Anlattığı hikayelerle tanıdığı ve tanımadığı sayısız insanın hayatına dokundu. Lakin bir de sinema camiasına kazandırdı isimlerler var ki, say say bitmez: Tuba Büyüküstün, Beren Saat, Bülent İnal, Nejat İşler, Ahu Türkpençe, Özgü Namal, Begüm Birgören, Berk Hakman, Onur Saylak, Cansel Elçin, Selma Ergeç, Günay Karacaoğlu, Gerçek Sağlar…
Geçen mart ayında SİYAD olarak kendisine Onur Ödülü verdik. Hastaydı ama çıkıp geldi törene. Ödül konuşmasında “Bu toprakların hikayelerini anlatmaya çabaladım” demişti. Çabalamak ne demek anlattı da, filmleri ve dizileriyle resmi tarihin karanlığında kalanların hikayesini vicdanlı bir bir bakışla anlattı hem de.
Hastalandığında oğluna, “Bana bir şey olursa, üzülme! Çünkü çok güzel bir hayat yaşadım, hayatım boyunca da sadece istediğim şeyleri yaptım!” demiş. Üzüldük Tomris Hanım hem de çok, çünkü şimdi bu memlekette kim anlatacak karanlıkta kalanların hikayesini!

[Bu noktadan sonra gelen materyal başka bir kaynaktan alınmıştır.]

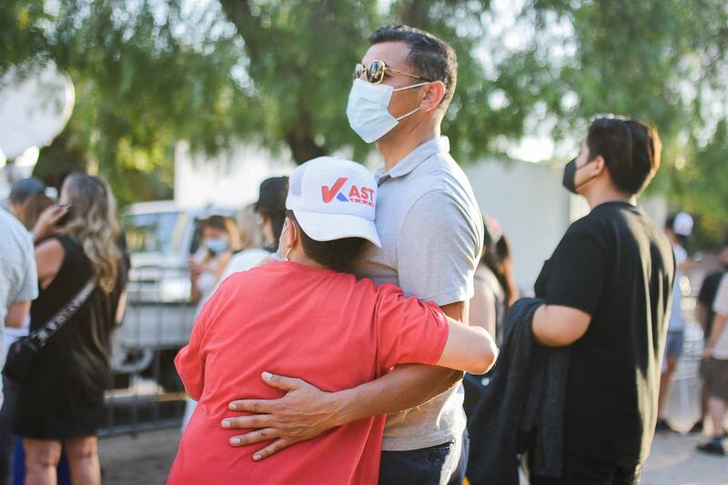 Una media hora después ya no quedan fans ni visitas y los más cercanos se quedan en el sitio baldío esperando el regreso del flamante derrotado. En el intertanto, su esposa ha repartido abrazos agradeciendo y consolando a parte del equipo. A su vuelta, solo un grupo cerrado del comando, familia y amigos, acompañan al matrimonio en la terraza VIP en una sesión de fotos de despedida mientras en las pantallas de más allá Boric da su primer discurso como presidente electo.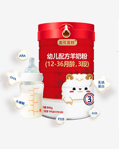 • 品牌特色:美可高特羊乳有限公司成立于1994年,“美可高特” 為公司主打品牌之一。美可高特現(xiàn)有幼兒配方羊奶粉、成人系列配方羊奶粉、羊奶片等各類羊乳制品,其綠色優(yōu)質(zhì)奶源均來自無污染山區(qū)活潑好動的薩能奶山羊,奶汁無激素,無抗生素。羊奶營養(yǎng)專業(yè)人士研制的營養(yǎng)配方、高科技除膻工藝和真空充氮技術(shù)以及嚴苛的生產(chǎn)檢驗標準造就了真正讓消費者放心食用的優(yōu)質(zhì)羊奶。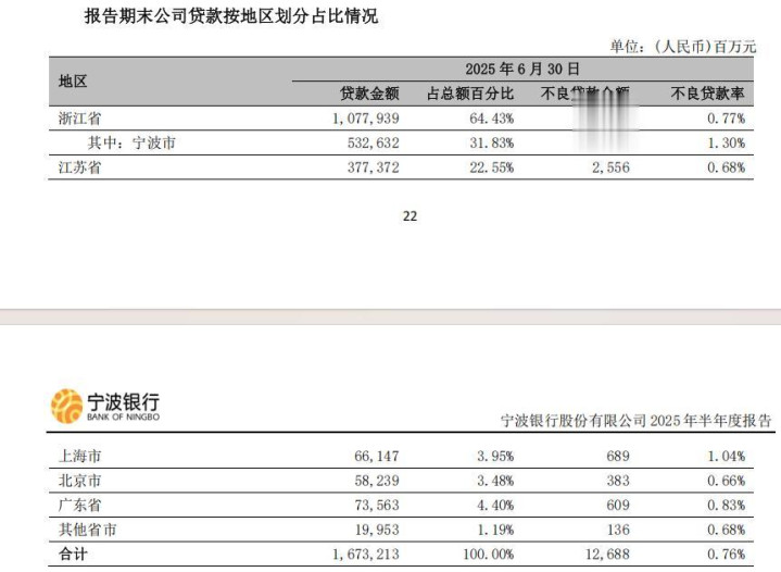 在“神仙打架”的背景下,宁波银行截至 2025 年 6 月末,在浙江和江苏贷款余额分别占全行贷款总额的 64.43%和22.55%,无论贷款余额还是占比,均较2024年同期大幅增加,“捡漏”能力一流。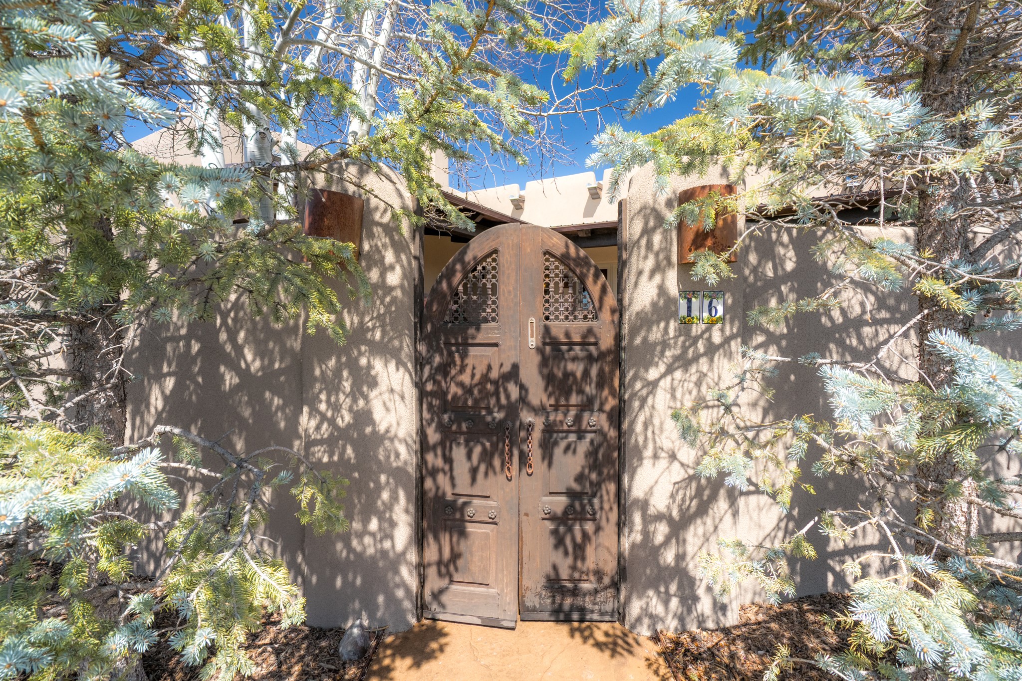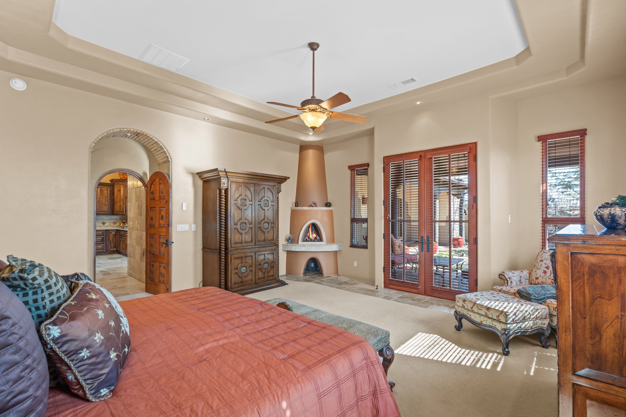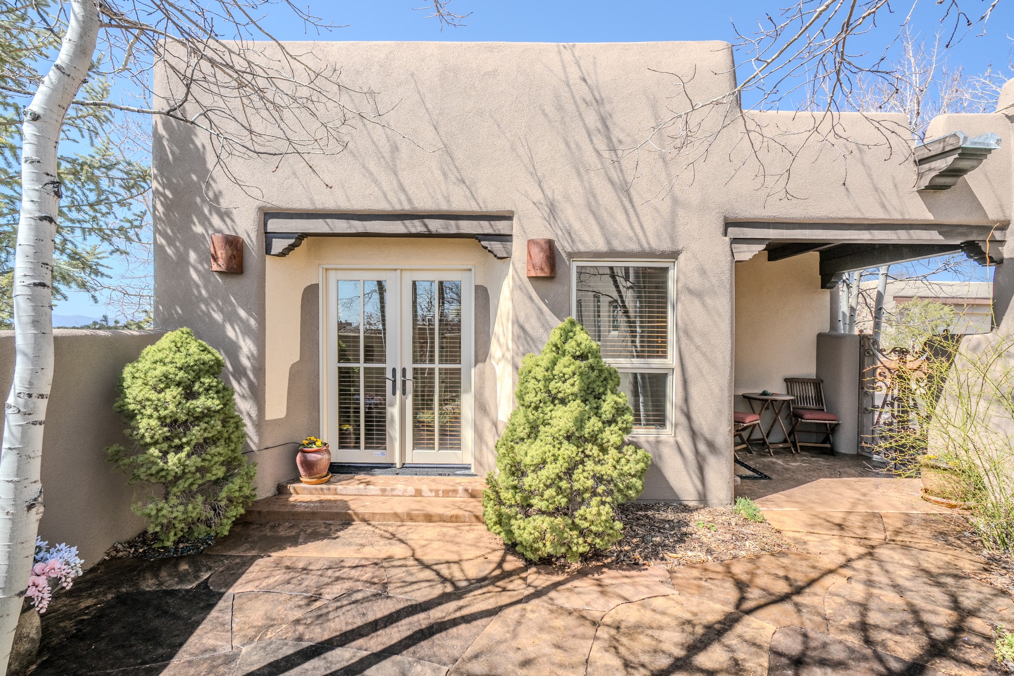 Discover this amazing single-level home with a detached guest house nestled in the serene community of Aldea. Located on a quiet cul-de-sac, this property welcomes you home with a charming enclosed courtyard and fountain, leading into a light-filled, open-concept floor plan that's perfect for both relaxing and entertaining. Enjoy breathtaking sunset views from the covered portals, or cozy up by one of the two gas fireplaces. The home features vaulted ceilings, beautiful travertine tile, and handcrafted wood doors and cabinetry imported from Mexico. The chef's kitchen is a dream, complete with a pantry, wine cooler, and plenty of space for culinary creativity. Each bedroom is ensuite with its own bathroom and walk-in closet, offering great separation and privacy. Just minutes from downtown, the neighborhood offers quiet charm, walking and hiking paths, a tennis court, a basketball court, and regular HOA-hosted events. With peaceful open spaces, wildlife, and a strong sense of community, this home truly has it all.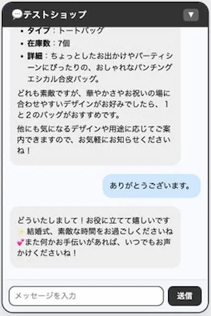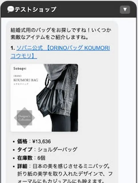 商品レコメンド | 用途・予算・素材・色味から候補を自動提示 |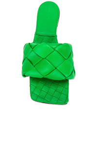 Details - Intreccio lambskin upper with leather sole - Made in Italy - Slip-on styling - Partial intreccio leather footbed - Rubber injected outsole for comfort and stability - Rubber tap heel - Exaggerated square toe - Our Style No. BOTT-WZ225 - Manufacturer Style No. 608853 VBSS0 3730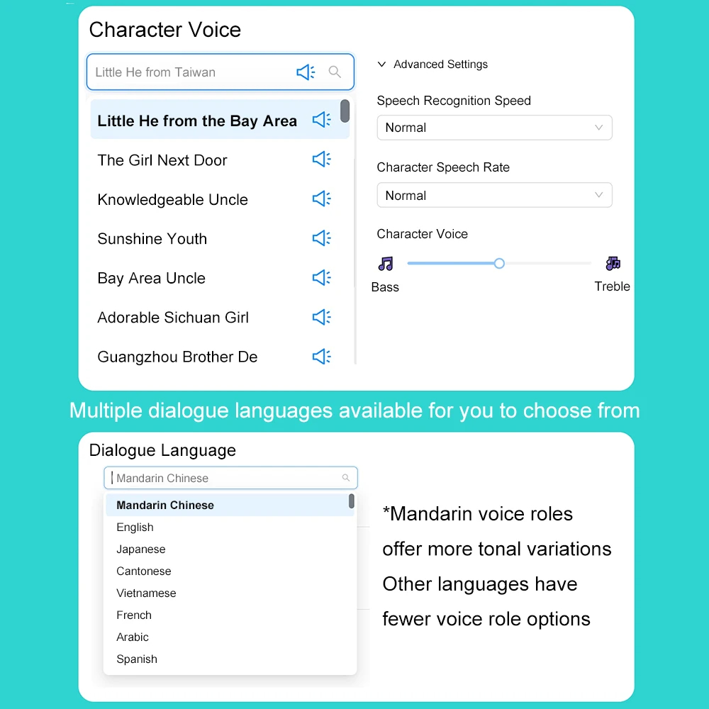 Custom Settings: Character tones, languages, personalization of conversational personality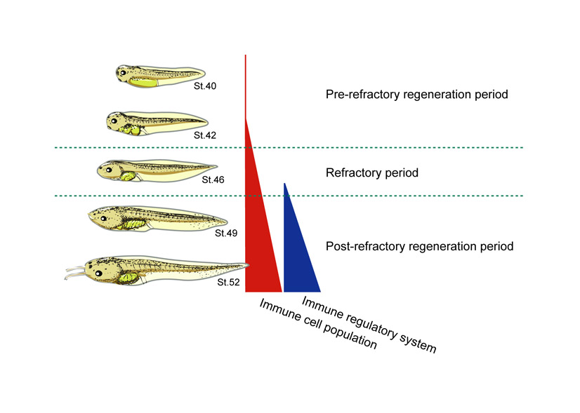 Fig. S5. Thematic model of the developmental stage-dependent regenerative ability in Xenopus tadpole tails. |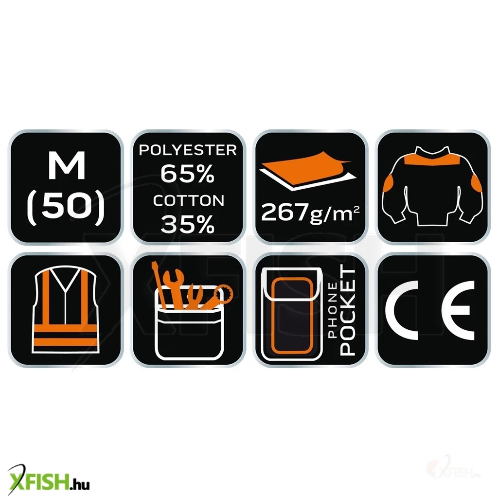 A kabát dizájnjának fontos eleme a vékony fényvisszaverő csíkok, melyek a hátsó részen kaptak helyet, ezek fokozott láthatóságot biztosítanak gyenge fényviszonyok között, növelve ezzel a biztonságot a szürkület idején végzett munkálatok során. A termék megfelel a CE és az EN ISO 13688:2013 európai biztonsági szabványoknak, így biztos lehet benne, hogy választása nem csak kényelmes, hanem teljesen biztonságos is.
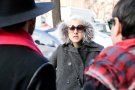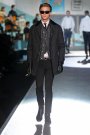 Dressed in severe coats reminding of Eastern Bloc military dress, the models and actors Willem Dafoe, Tim Roth, Adrien Brody and Gary Oldman walked a massive, carpeted space. The first outfit set a military tone: a smart dark coat over a white turtleneck, slim pants and gleaming dress shoes. Belted coats in lightweight wool played a major part and they were often decorated with badges over the heart. Colors were of course a bit off beat, mustard, purple, grey and black – and the fabrics looked vintage.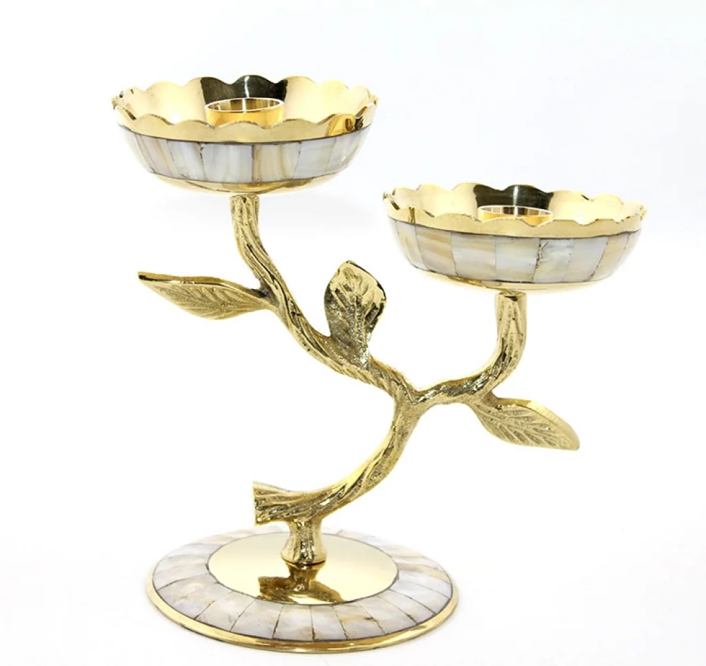 Pirinç Sedefli 2'Li Şamdan 5934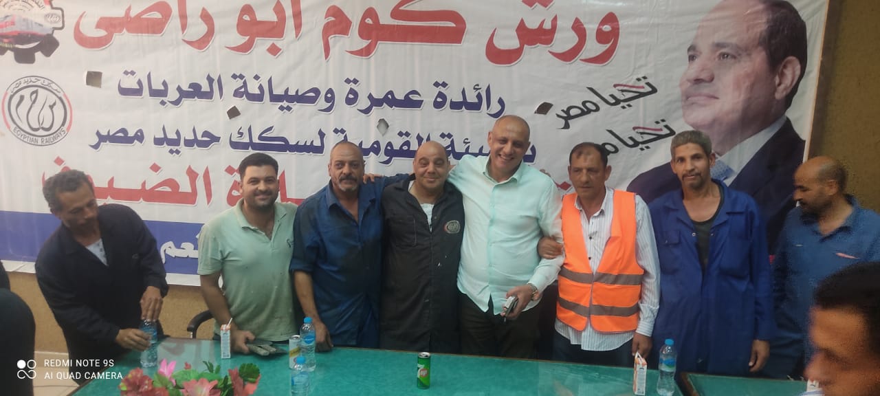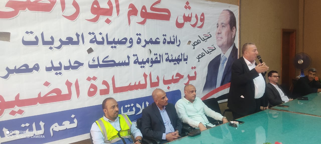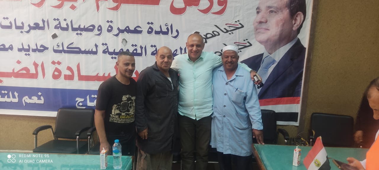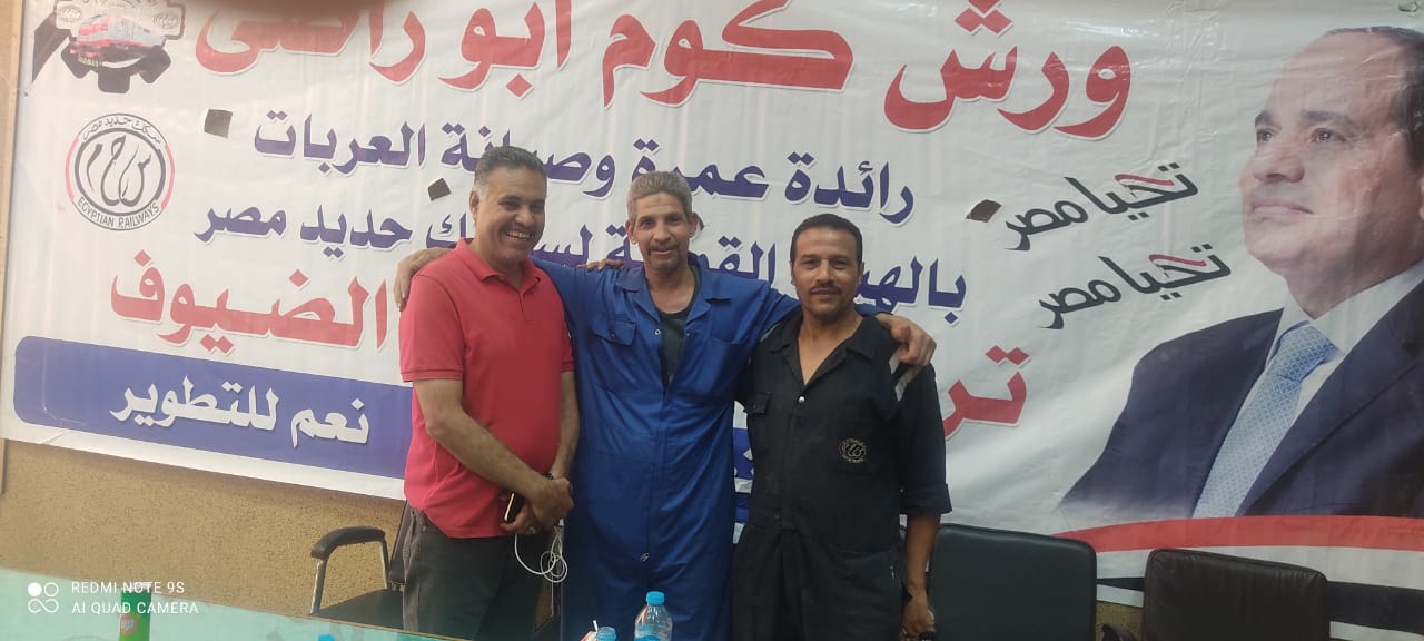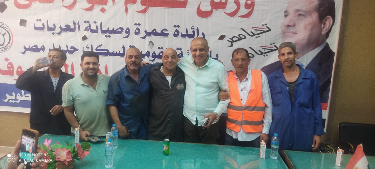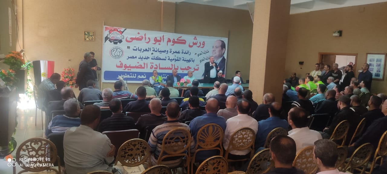 نظمت النقابة العامة للعاملين بسكك حديد مصر ومترو الأنفاق برئاسة عبد الفتاح فكري مؤتمرا عماليا حاشدا بورش قلعة الصناعة كوم أبو راضي بالتنسيق مع الإدارة المركزية لشئون الرئاسة بقيادة العميد علاء سماحة .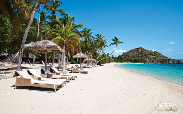 Description: A beach with lounge chairs and umbrellas on it and a mountain in the background with palm trees and blue water.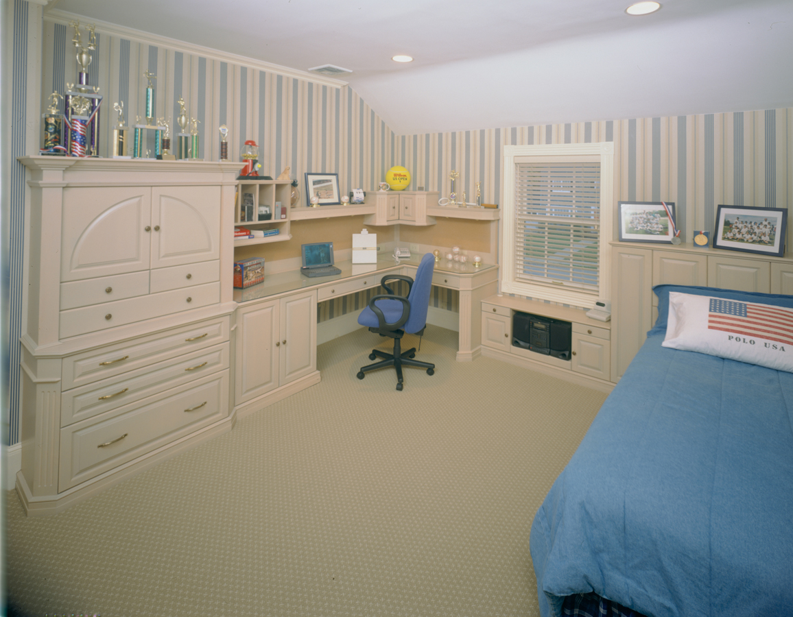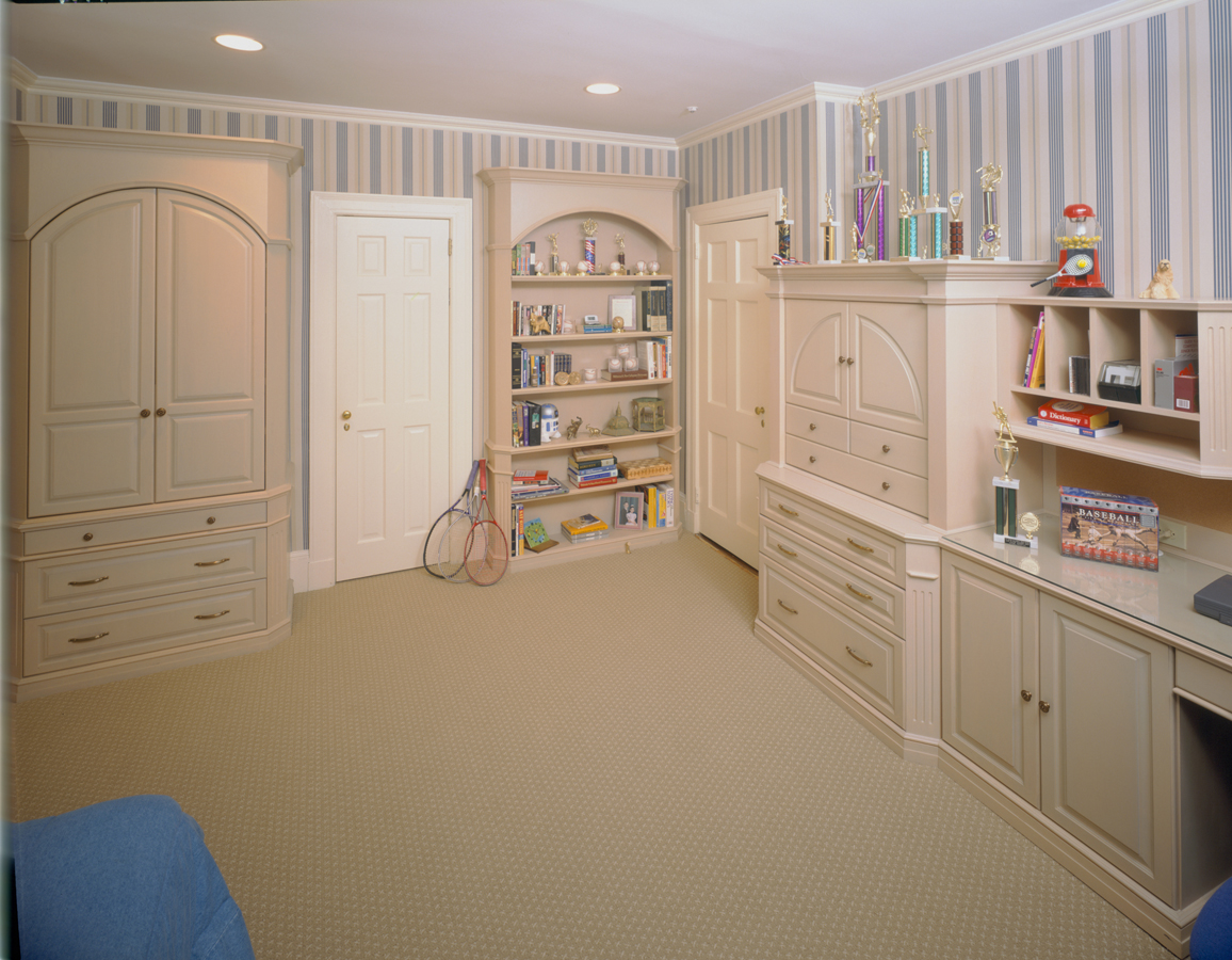 Classic Traditional Boys Bedroom in washed Oak with raised panels, arched armoire and bookcase with storage bed and headboard.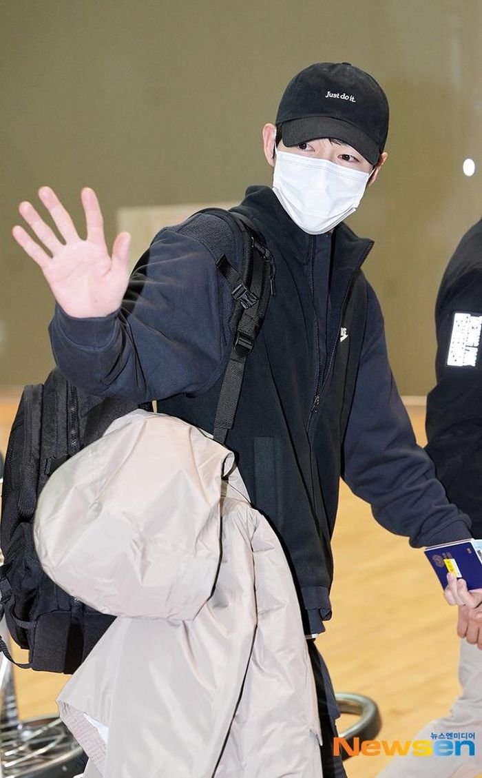 Theo tờ Osen, khi di chuyển tới sảnh khởi hành, Song Joong Ki và vợ cảm ơn khán giả, truyền thông vì được chúc mừng đám cưới. Nam diễn viên vui vẻ vẫy tay, thậm chí làm hành động hi-five với truyền thông. Ảnh: Newsen, TVDaily.

🔴 Tomris Giritlioğlu için yarın (24 Eylül) İstanbul Devlet Tiyatrosu Torun Center’da saat 11.00’de bir anma töreni düzenlenecek. Törenin ardından Teşvikiye Camisi’nde ikindi namazı sonrası kılınacak cenaze namazı sonrası Giritlioğlu’nun naaşı Antakya’ya yolcu edilecek. 25 Eylül Çarşamba günü de Giritlioğlu Antakya Asri Mesarlığı’nda toprağa verilecek.